Evaluating gesture generation in a large-scale open challenge: The GENEA Challenge 2022
Taras Kucherenko, Pieter Wolfert, Youngwoo Yoon, Carla Viegas, Teodor Nikolov, Mihail Tsakov, Gustav Eje Henter
TL;DR
The GENEA Challenge 2022 tackles fair, large-scale benchmarking for data-driven co-speech gesture generation by providing a common speech-motion dataset, a standardized visualisation pipeline, and crowdsourced evaluations that separate motion human-likeness from speech appropriateness. The study finds that synthetic gestures can surpass natural motion in perceived human-likeness under controlled visualization, but remain far less appropriate for the given speech, highlighting a substantial gap in aligning gestures with speech content. Objective metrics largely fail to predict subjective human-likeness, with Fréchet gesture distance (FGD) showing the only modest correlation, underscoring the need for better perceptual metrics. The work delivers open data, reusable evaluation tools, and testable recommendations, advancing benchmarking practices and guiding future improvements in gesture-generation systems and evaluation frameworks.
Abstract
This paper reports on the second GENEA Challenge to benchmark data-driven automatic co-speech gesture generation. Participating teams used the same speech and motion dataset to build gesture-generation systems. Motion generated by all these systems was rendered to video using a standardised visualisation pipeline and evaluated in several large, crowdsourced user studies. Unlike when comparing different research papers, differences in results are here only due to differences between methods, enabling direct comparison between systems. The dataset was based on 18 hours of full-body motion capture, including fingers, of different persons engaging in a dyadic conversation. Ten teams participated in the challenge across two tiers: full-body and upper-body gesticulation. For each tier, we evaluated both the human-likeness of the gesture motion and its appropriateness for the specific speech signal. Our evaluations decouple human-likeness from gesture appropriateness, which has been a difficult problem in the field.
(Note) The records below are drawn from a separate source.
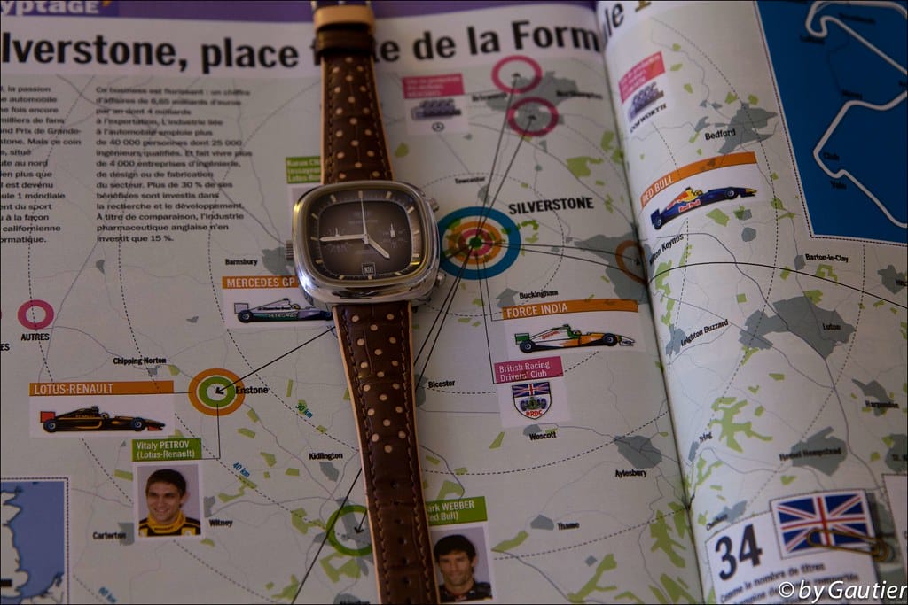 « … pour porter ma dernière acquisition… c’est bien évidemment le week-end du Grand Prix de F1 de Grande Bretagne sur le circuit de Silverstone (ce qui démontre bien le lien entre Heuer et le sport Auto). Même l’Équipe en parle.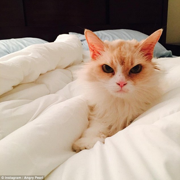 带着Pearl回家后,这对情侣便忍不住给一直摆生气脸的Pearl拍照。不过,这对情侣称虽然Pearl看起来一直是生气脸,但它还是有着猫咪的天性,会粘人,会撒娇,只是表情一直不怎么变而已。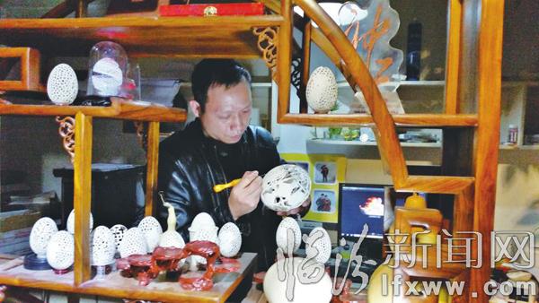 与蛋雕结下不解的缘分,缘于一次在网上看到有人在鸡蛋上雕刻,孔斌感到十分稀罕,就在网上淘来了雕刻工具,自学蛋雕技艺。鸡蛋个小皮薄,个大且皮稍厚一些的鸭蛋、鹅蛋较好,约为0.3毫米,其实最好的还是鸵鸟蛋,约有2毫米厚,不过一只就上百元,成本太大。”孔斌告诉记者,起初学习用的是鸡蛋,仅0.2毫米的鸡蛋壳能练出手艺,现在他用的多数是鸭蛋、鹅蛋。
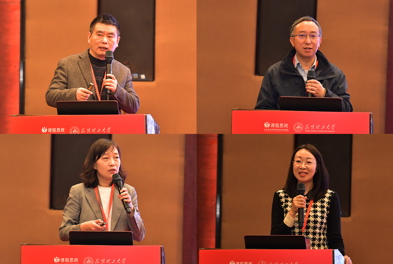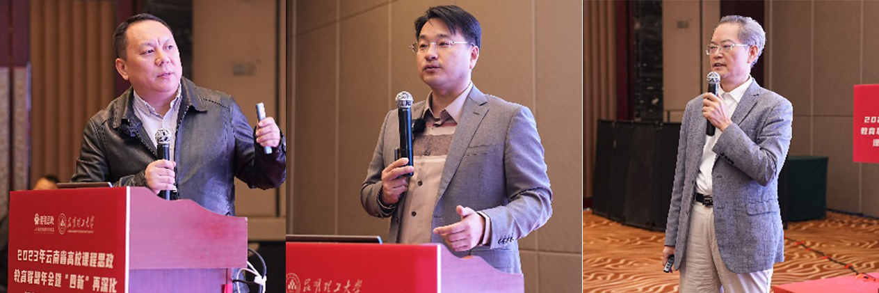 昆明冶金高等专科三亿体育_三亿(中国)一站式服务官方网站教务处处长王旭以《筑牢全课程育人同心圆以“三教”改革协同推动高职院校“课程思政”建设》为题、长沙民政职业技术学院喻冰如教授以《 精雕细“课”——国家示范课课程思政设计与实施》为题、重庆电子工程职业学院赵阔教授以《课程思政的项目选取与情景融入》为题分别做经验分享。本次主题报告分会场由昆明冶金高等专科三亿体育_三亿(中国)一站式服务官方网站副校长余宇楠主持。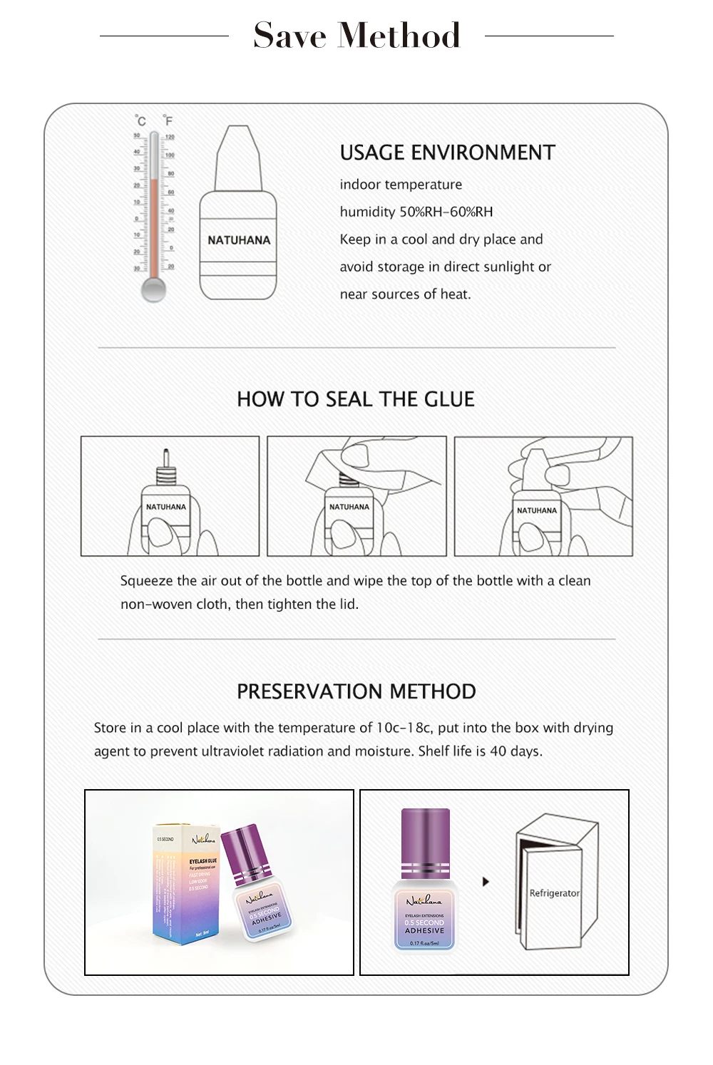 > Достоинства: 3-4 недели длительность, без запаха> Применение: наращивание ресниц.> Время установки: 2-3S> Срок действия: 6 месяцев до открытия. 4-6 недель после открытия.> Черный, для наращивания ресниц клей Рекомендуемая Влажность: 55%-60%.Рекомендуемая комнатная температура: 18 ℃ ~ 25 ℃.Хранение: положите в холодильник. Ингредиент: этилцианакрилат, гидрохинон, поли (Метилметакрилат), экстракт ромашки, черный углерод.
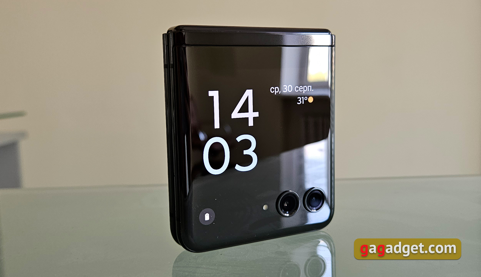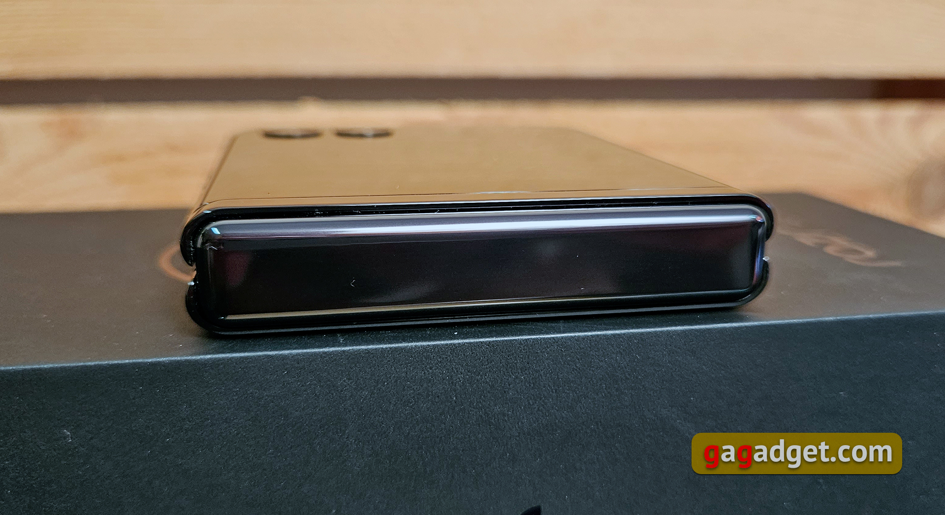 Górna część jest całkowicie błyszcząca i ma efekt lustra, bardziej niż zwykłe szkło ochronne. Wydaje się, że jest to również cecha konstrukcyjna. Jest to zarówno dobre, jak i złe. Zewnętrzny ekran OLED bardzo dobrze pasuje do płaszczyzny pokrywy, a przy użyciu czarnego tła granice wyświetlacza nie są widoczne. Jednak, podobnie jak wszystkie błyszczące powierzchnie, pokrywa bardzo aktywnie zbiera odciski palców. Podwójny aparat jest zintegrowany z zewnętrznym ekranem, a obiektywy wystają nieco ponad powierzchnię. Lampa błyskowa również znajduje się w otworze w ekranie, ale jest prawie niewidoczna.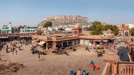 Panoramic view of Sun city Jodhpur also known as 'Blue City' due to the vivid blue-painted Brahmin houses from balcony of Mehrangarh Fort, Rajasthan, India.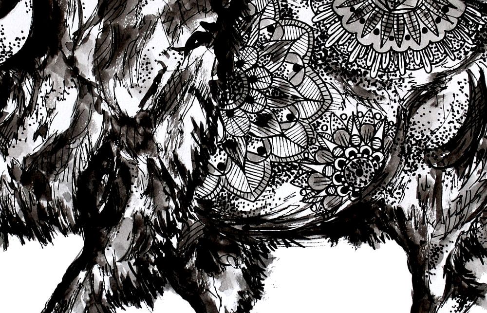 decorative black and white artwork of a big american buffalo with decorative mandala pattern on his back.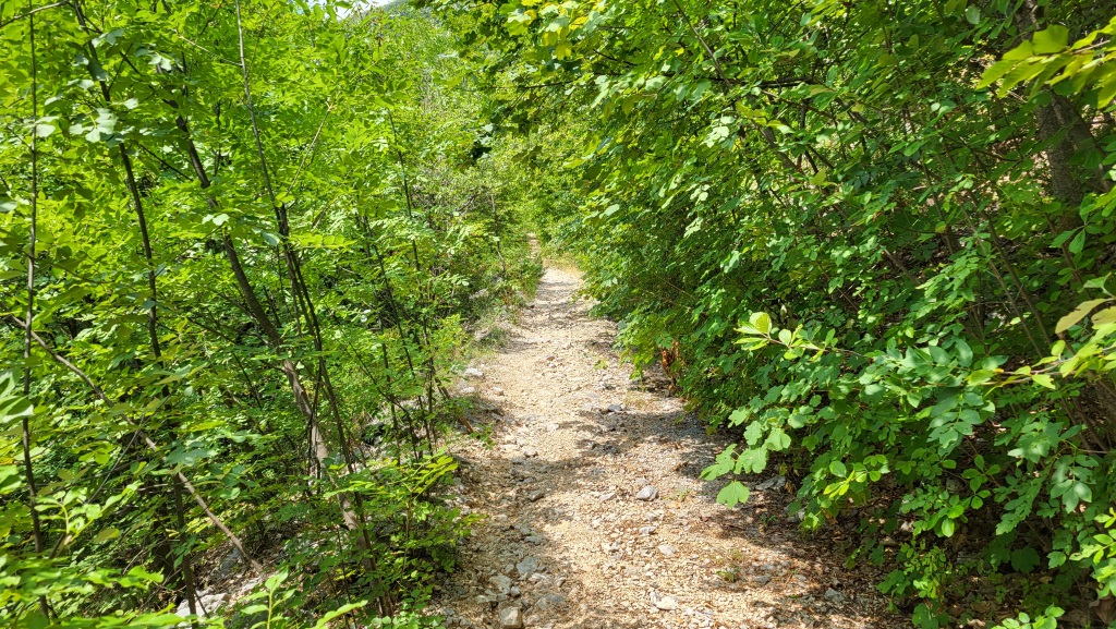 ein Schotterweg führt nun kräftig aufwärts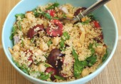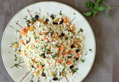 Салат из кускуса с морковью, луком, изюмом, мятой и курагой, заправленный лимонным и апельсиновым соком с йогуртом, медом, рисовым уксусом и оливковым маслом.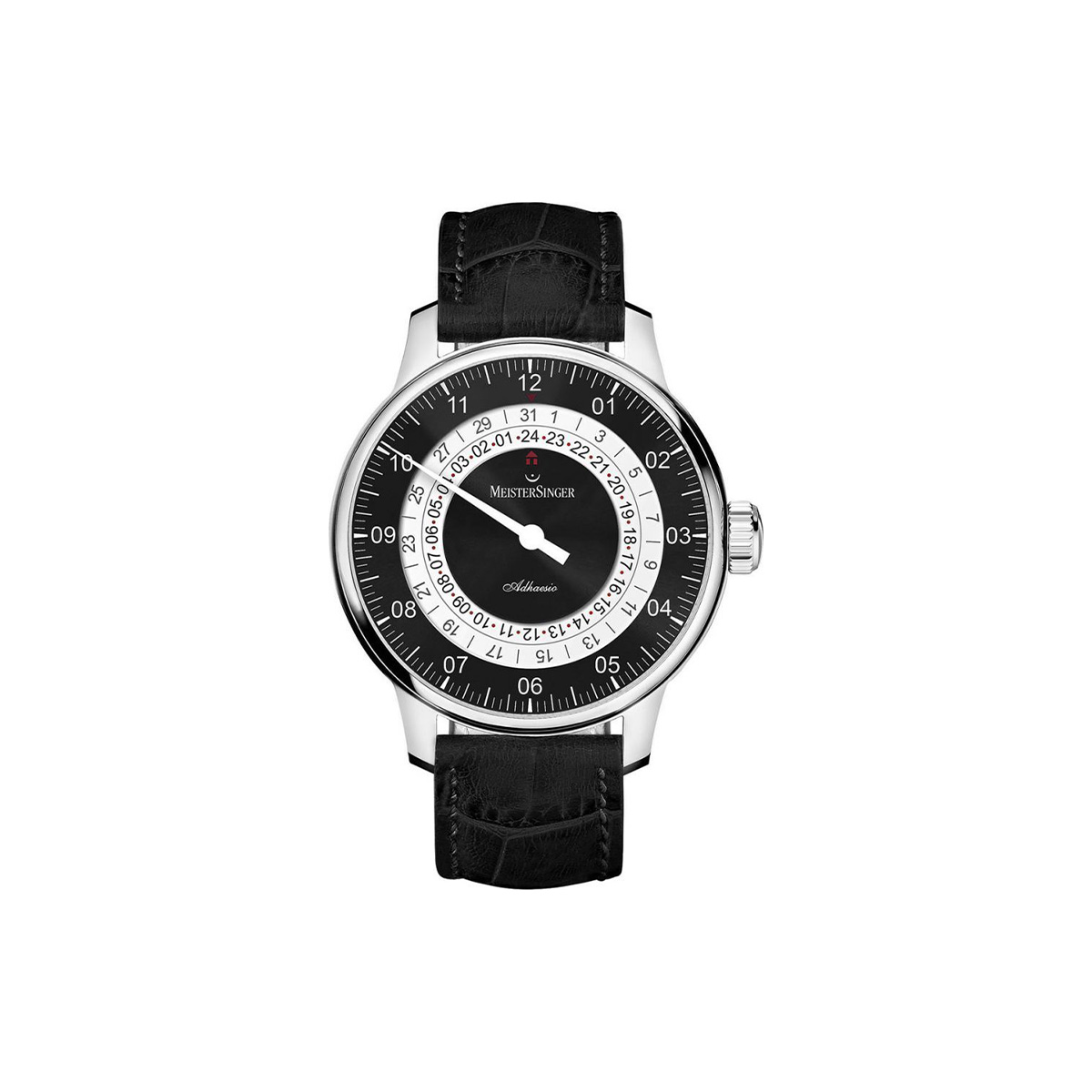 De MeisterSinger Adhaesio is een uniek horloge dat de kenmerkende éénwijzertechniek combineert met een tweede tijdzone. De scherp gevormde uurwijzer geeft de lokale tijd weer met een nauwkeurigheid van vijf minuten, terwijl een 24-uurs ring – zichtbaar boven het logo – een tweede tijdzone toont. Het doordachte ontwerp en de minimalistische esthetiek maken de Adhaesio tot een typisch MeisterSinger-model: elegant, functioneel en eigenzinnig in zijn tijdsbeleving. Perfect voor wie stijlvol reist en het concept tijd net iets anders bekijkt.

The evaluation results show some synthetic gesture conditions being rated as significantly more human-like than 3D human motion capture. To the best of our knowledge, this has not been demonstrated before. On the other hand, all synthetic motion is found to be vastly less appropriate for the speech than the original motion-capture recordings. We also find that conventional objective metrics do not correlate well with subjective human-likeness ratings in this large evaluation. The one exception is the Fréchet gesture distance (FGD), which achieves a Kendall's tau rank correlation of around $-0.5$. Based on the challenge results we formulate numerous recommendations for system building and evaluation.